同时,本步骤中,由于相邻的视频图像之间的差异往往较小,因此,按照图像时序依次确定的方式,可以使得每次要跟踪的图像的差异较小,进而一定程度上可以使得基于跟踪算法能够准确的跟踪到对应的区域,提高确定效果。
综上所述,本公开实施例提供的图像处理方法,可以先提取待处理视频中的至少一帧基准视频图像,其中,基准视频图像的数量小于待处理视频中包含的视频图像的数量,接着,根据基准视频图像中任意像素点与其周边背景的对比,对至少一帧基准视频图像进行区域识别,以确定每帧基准视频图像中的第一目标区域,最后,对于每帧基准视频图像关联的其他视频图像,按照每帧其他视频图像的图像时序,基于预设的图像跟踪算法,确定其他视频图像的前一帧视频图像中的第一目标区域或第二目标区域在其他视频图像中对应的区域,得到其他视频图像中的第二目标区域。
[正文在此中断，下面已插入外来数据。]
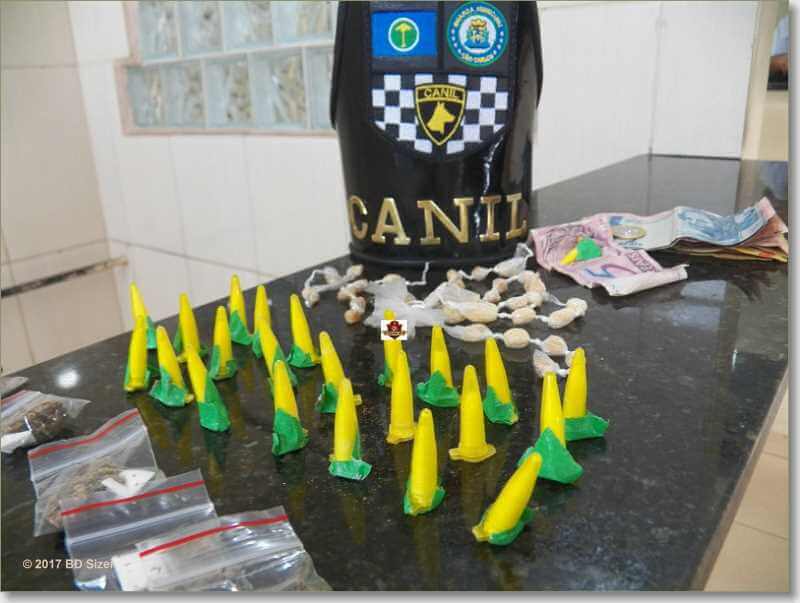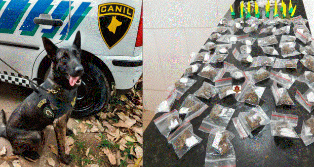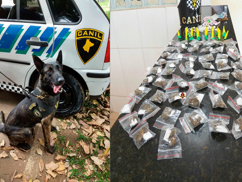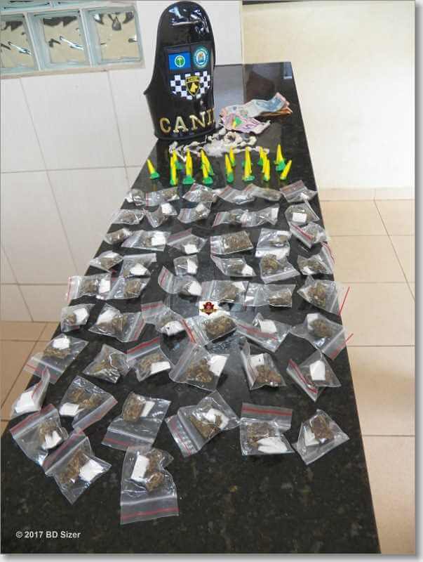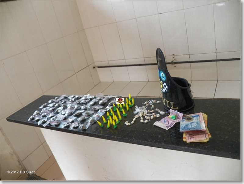 Segundo informações, o local já é conhecido como ponto de tráfico. Uma guarnição da GM passava pelo local quando se deparou com o menor. Ele foi abordado e em seu poder foi localizado um pino de droga e a quantia de cinco reais. A cadela Layka desceu da viatura e começou a farejar o local. Debaixo de um amontoado de entulhos foram localizados 51 porções de maconha, 33 pedras de crack, 23 pinos de cocaína e R$ 315,00.  O adolescente, o qual segundo consta, costuma vender drogas nas proximidades, foi encaminhado ao Plantão Policial, ficando à disposição da autoridade policial

本公开实施例中,仅需根据基准视频图像中任意像素点与其周边背景的对比,对待处理视频中的部分基准视频图像进行区域识别,其他视频图像中的第二目标区域可以基于这些基准视频图像中的第一目标区域进行确定,这样,由于无需根据视频图像中任意像素点与其周边背景的对比,对所有视频图像均进行区域识别,因此,一定程度上可以降低确定各个视频图像中显著区域所耗费的计算资源及时间,提高确定效率。
图3是本公开实施例提供的又一种图像处理方法的步骤流程图,如图301所示,该方法应用于服务器,该方法可以包括如下步骤:
步骤301、服务器提取待处理视频中的至少一帧基准视频图像;所述基准视频图像的数量小于所述待处理视频中包含的视频图像的数量。
也即是说,上述步骤301为服务器获取待处理视频中的至少一帧第一视频 图像的一种可能实现方式,其中,该第一视频图像的数量小于该待处理视频中包含的视频图像的数量。
可选地,本步骤的实现方式可以参照前述步骤201,本公开实施例对此不作限定。
步骤302、服务器根据至少一帧所述基准视频图像中任意像素点与其周边背景的对比,对至少一帧所述基准视频图像进行区域识别,以确定每帧所述基准视频图像中的第一目标区域。
也即是说,上述步骤302为服务器对至少一帧该第一视频图像进行区域识别,确定至少一帧该第一视频图像的第一目标区域的一种可能实现方式。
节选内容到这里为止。